From: Laurent Vivier <Laurent.Vivier@bull.net>
To: Kevin Wolf <kwolf@suse.de>
Cc: qemu-devel@nongnu.org
Subject: Re: [Qemu-devel] [PATCH] Align file accesses with cache=off (O_DIRECT)
Date: Tue, 29 Apr 2008 17:48:24 +0200 [thread overview]
Message-ID: <1209484105.4248.27.camel@frecb07144> (raw)
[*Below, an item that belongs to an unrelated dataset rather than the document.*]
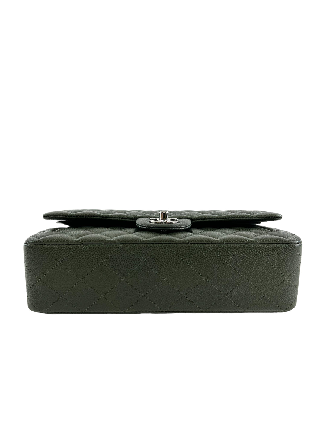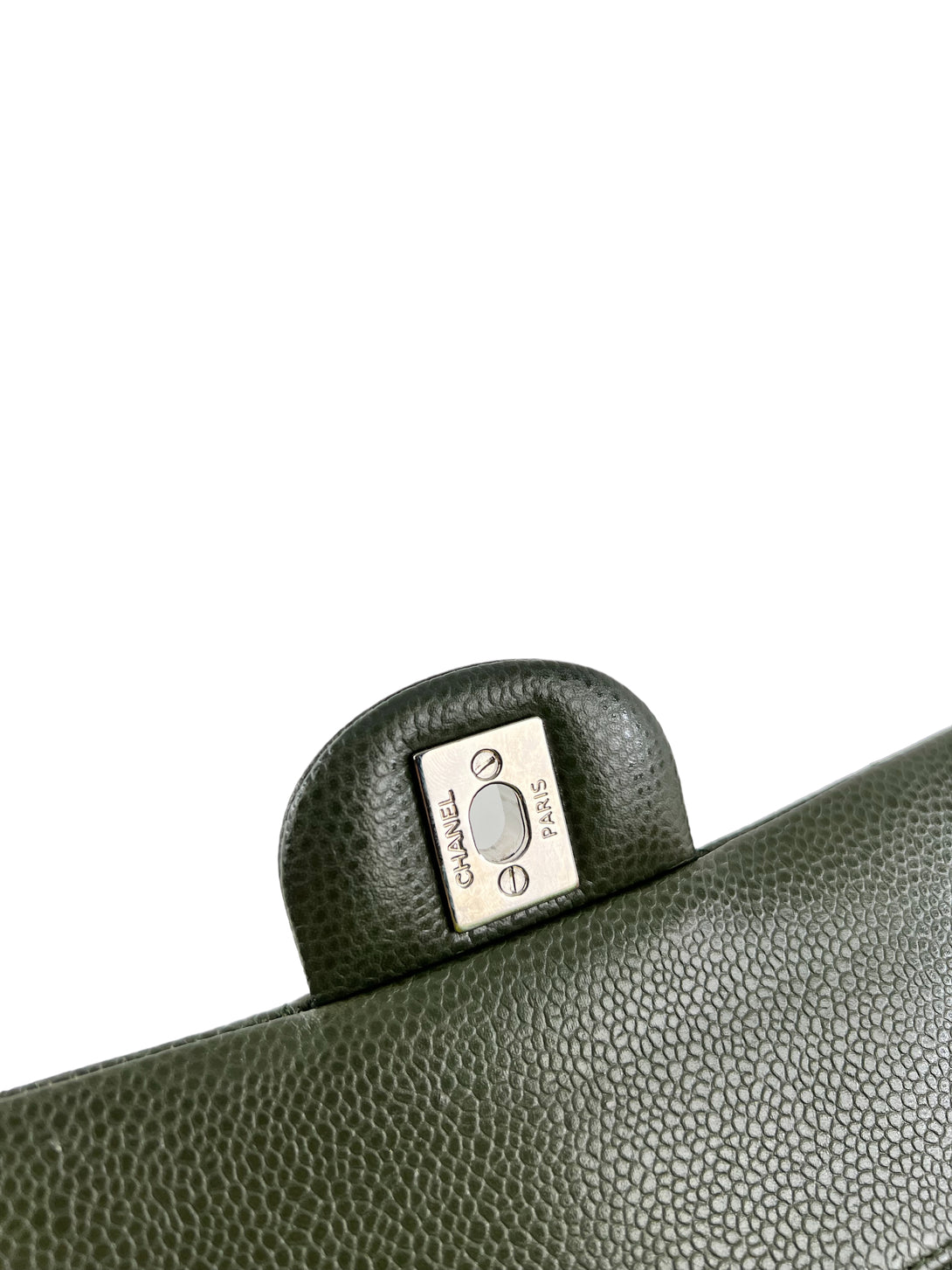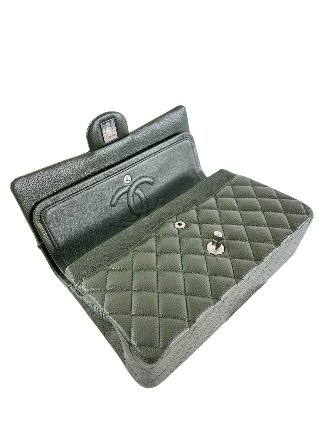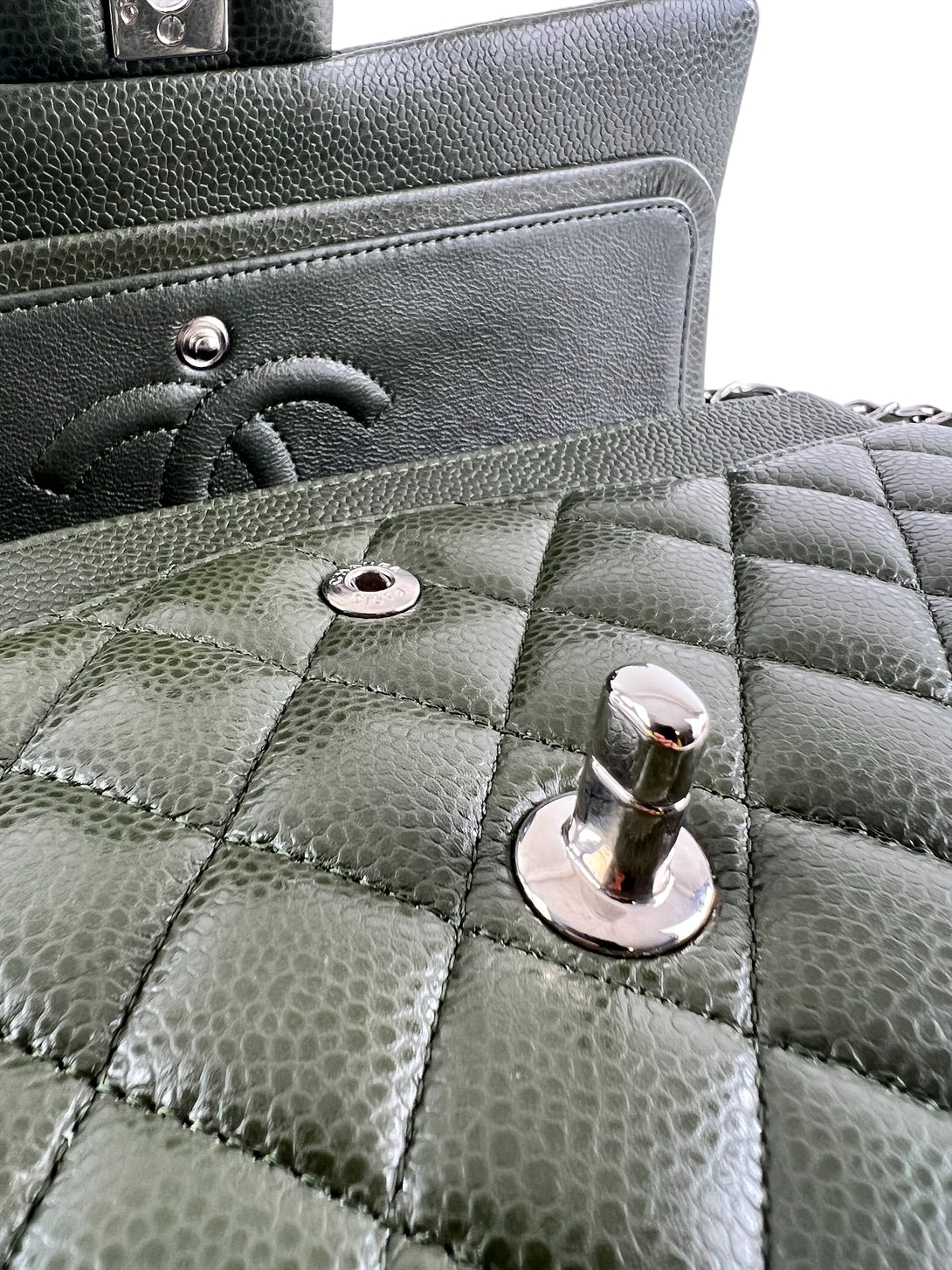 Chanel Green Caviar Leather Medium Double Flap with Silver Hardwear
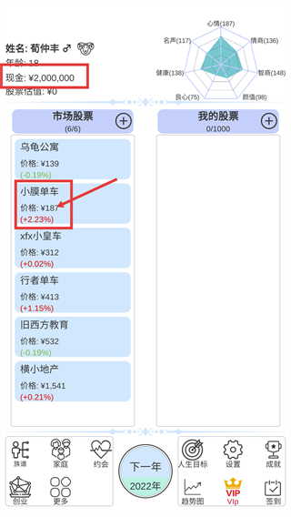1、支持多角色自由挑选,每个角色都搭载专属的人物背景与初始设定,不同的开局条件为炒股经营之路提供差异化思路。

In-Reply-To: <48173591.9010609@suse.de>
Le mardi 29 avril 2008 à 16:49 +0200, Kevin Wolf a écrit :
> Hi Laurent,
>
> Laurent Vivier schrieb:
> > But if we want too keep simplicity without memcpy(), we could only
> > de-activate O_DIRECT on pread() or pwrite() :
>
> You're right, this approach is simpler, better and makes the patch
> smaller. I've attached a new version of the patch.
>
> However, now that you've pointed me to your patch I realize that my
> patch might be simple but it is incomplete as well. Normal read/write
> operation on qcow images should work fine (only metadata is unaligned
> and there pread is used). Snapshots don't work though because they end
> up in aio requests which are not routed to raw_pread.
>
> Disabling O_DIRECT for a single aio request is impossible (after all,
> aio is asynchronous), and disabling it for at least one aio request is
Perhaps I'm wrong, but I think it is possible: the only consequence is
the asynchronous I/O becomes synchronous...
> going to be ugly. So maybe we better turn O_DIRECT off for snapsnot
> saving/loading, even if it's not the generic fix I wanted to have when I
> started.
I don't think it is a good idea:
In linux world, there are three reasons to use O_DIRECT:
1- to use linux AIO (not POSIX AIO).
2- to avoid a buffer copy between user- and kernel- space
(performance ?)
3- to increase reliability: by using O_DIRECT you are sure your data are
on the disk when the write is over and your system can now crash (if it
wants).
And I think reliability is better when the snapshot is being saved...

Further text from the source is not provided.